Sezai Karakoç geleneksel şiire de yaklaşır ancak dili farklıdır. O, modern şiirin diliyle şiirlerini yazmıştır. Poetikasını anlattığı ikinci yazı soyutlama ile ilgilidir. Nitekim modern sanat genel anlamda soyutlamaya dayanır. Ona göre şair, şiiri soyutlamada bırakırsa eksik bırakmış olur, tamamlanması için şairin tekrar somutlaştırması yani soyutlaştırdığı şeyi tekrar yeni bir bağlama oturtması gerekir. Bunu da Diriliş kavramına bağlar.
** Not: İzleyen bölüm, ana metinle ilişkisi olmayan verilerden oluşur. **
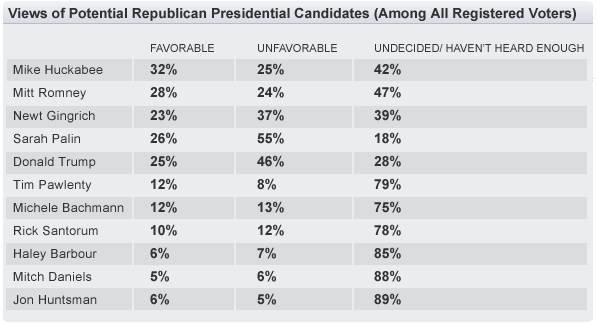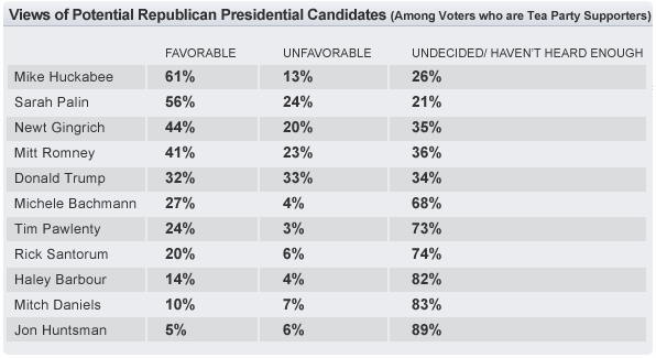 When respondents were asked their feelings about specific Republican hopefuls, the most "favorable" ratings went to former Arkansas Governor and 2008 presidential candidate Mike Huckabee. Fifty-four percent of Republican voters expressed a favorable view of Huckabee, followed by Sarah Palin with 51 percent, Mitt Romney with 42 percent, and Newt Gingrich with 42 percent.

Dostu Cemal Süreya, ona, yarattığı mistik şiir tarzından ötürü ‘Sezo’ diyordu ve onu, ‘Mehmet Akif ve Necip Fazıl karışımı şair’ olarak tanımlıyordu.
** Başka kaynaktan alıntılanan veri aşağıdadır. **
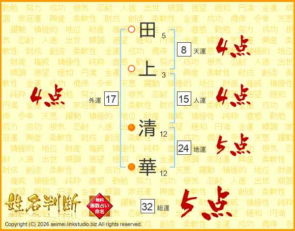 田上清華さんの総運は32画の5点!
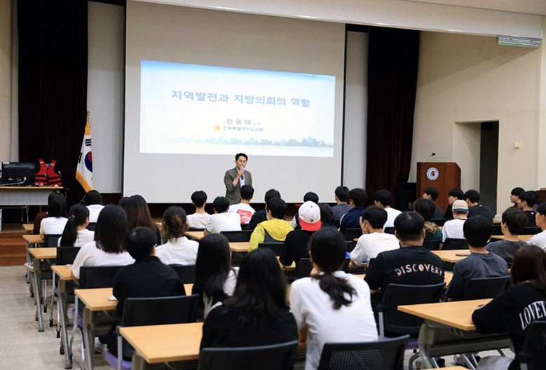 전용태 의원은 해양ㆍ안전체험 교육을 위해 입교한 무주고등학교 1학년 80여 명을 대상으로 “지방의회와 지역발전”이라는 주제로 특강을 진행했다. 전 의원은 지방의회의 역사와 역할 등을 학생 눈높이에 맞게 설명하고, 본인이 정치에 입문한 계기와 과정 등에 대해서도 친근감이 있게 이야기하며 강의를 이어갔다.

Sezai Karakoç, şairin genel çizgilerini, ‘pergünt üçgeni’ dediği üç ilkeyle anlatır. Peer Gynt, Norveçli yazar Henrik İbsen’in en ünlü oyunlarından biridir. Karakoç, Pergünt’ün, hayatında bu ilkeleri yaşadığını belirtir ve bu ilkeleri şiire tatbik eder:
Şair, kendi kendisi olmalı: Şairin kendi kendisi olabilmesinin biricik yolu, değişmek, başkalaşmaktır.
Şair, kendine yetmeli: Eserinin tohumunu ve geliştirecek iklimini, şairin kendi varlığından alması anlamına gelir yeterlilik ilkesi. Yâni fildişi kuleyi biz dışına çeviriyoruz; evren şaire bir fildişi kule olmalı; şafakta kaybettiği güvercinleri, şair, bir ikindide bulabilmeli.
Şair, kendinden memnun olmalı: Eserin şairini sevinçle titretmesi demek bu. Şair, eserini sevmeli. Onu okşamalı, ama yaramazlıklarına da göz yummamalı. Beğenmediği davranışlarını gücendirmeden ona anlatmalı onu kendini düzeltmeye kandırmalı ve bunu da inandırmalı. Ona ‘Beni andırıyor, ah, beni o’ demeli. Memnunluk ilkesinin temeli, sevinçtir. Yaşama sevinci değil ‘yaşatma sevinci’dir.
Sezai Karakoç, 16 Kasım 2021 tarihinde yaşlılığa bağlı hastalıklar nedeniyle 88 yaşında hayatını kaybetti.